Four out of five recent home buyers say they would consider refinancing within the next year if interest rates decrease, according to a TransUnion survey. This indicates that mortgage lenders should continue to actively market to these potential refinance candidates, said Satyan Merchant, senior vice president of mortgage and auto at TransUnion.

Despite a decline in interest rates earlier this year, rates have risen to 7% as of Oct. 28. With the presidential election approaching, some economists suggest this increase may be linked to expectations of a Trump victory and potential economic turbulence.

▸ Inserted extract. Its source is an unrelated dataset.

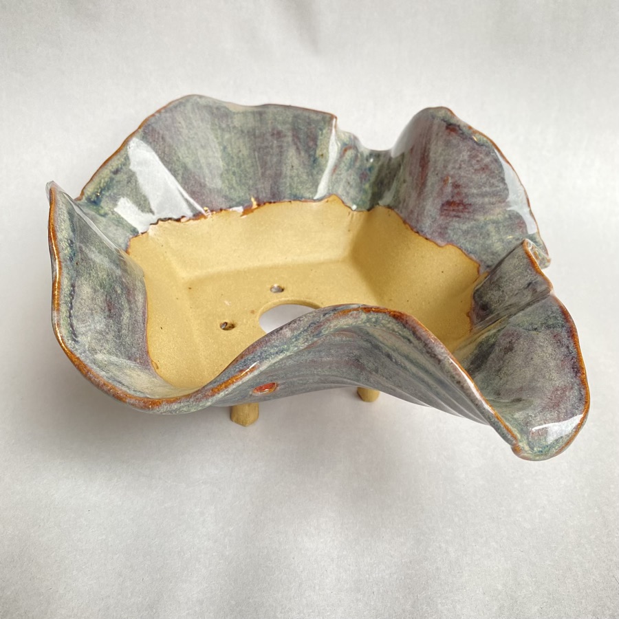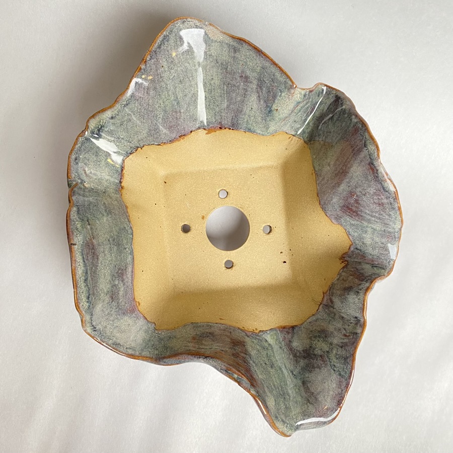 Measures approximately 10” at its widest and just under 5″ at its tallest. Inside potting area is roughly 5-1/2″ square by 2-1/2″ deep.

TransUnion's report, based on responses from over 1,000 customers who obtained a mortgage in the past 24 months, found that 80% say their mortgage payment is straining their finances. The survey was conducted between Sept. 18 and Sept. 27.

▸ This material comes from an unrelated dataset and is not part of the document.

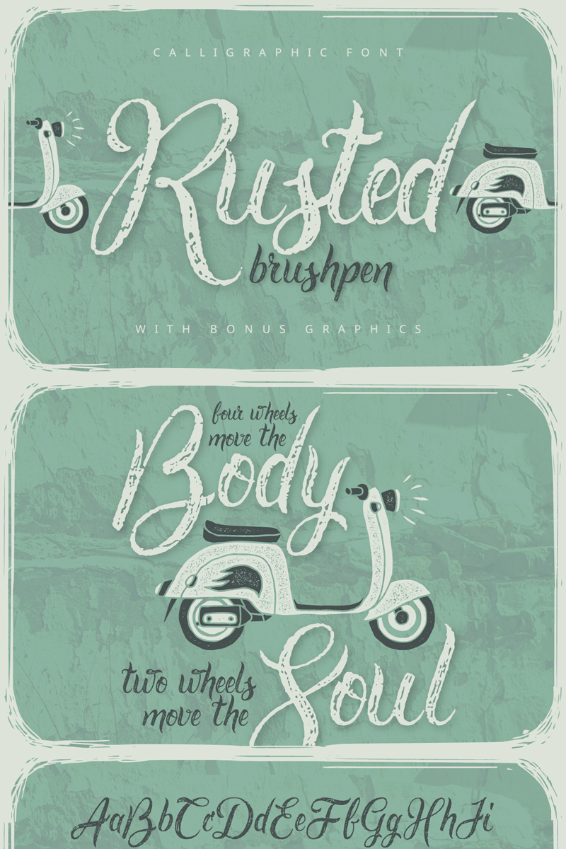 Download Шрифт "Rusted Brushpen Script + Bonus Font" / Rusted Brushpen Script + Bonus Font - Шрифт на тему графика font,type,script,rust,bike,scooter,brushpen,handwritten,handcrafted,dirty,grunge,abc,typeface,letter,text,calligraphy,texture,illustration,graphics

"For many of these recent home buyers, their mortgage payment is their largest single payment each month," said Merchant in a press release. "The upside is that it is a payment that can be refinanced if the economic climate allows for it, and as interest rates begin to fall, this group of consumers should begin exploring this option."

Most borrowers surveyed (70%) said they would refinance for more favorable loan terms, while 67% cited better interest rates and 61% mentioned cash-out refinancing as motivating factors.

Nearly 90% of millennials indicated they would refinance in the next 12 months if rates decrease, with 77% of Gen Z respondents and 79% of Gen X expressing a similar interest in refinancing if the terms are favorable.

Mortgage application activity, specifically for refinances, has softened sizably

Refinance applications made up 43.1% of total applications for the week ending Oct. 25, according to the Mortgage Bankers Association, straying further from once accounting for the majority of activity.

The conditions could favor some mortgage industry players over others, a research note from  Keefe, Bruyette and Woods said."We continue to believe this backdrop is particularly negative for refi volume-sensitive names within our coverage (primarily Rocket)," wrote analysts, using the lender's stock symbol. "We prefer names which typically benefit more on a relative basis from higher purchase volumes."Pennymac Financial Services and United Wholesale Mortgage are listed as purchase market beneficiaries by the investment banking company.

Future outlook for refinance activity remains uncertain, though there are predictions that rates should fall below the 6% threshold sometime next year, which could amp up demand.

The MBA is forecasting an industry recovery that starts with $1.8 trillion in mortgage originations for 2024, up slightly from a recently revised $1.4 trillion in 2023. By 2025, projections put the annual number at $2.3 trillion and $2.5 trillion the following year.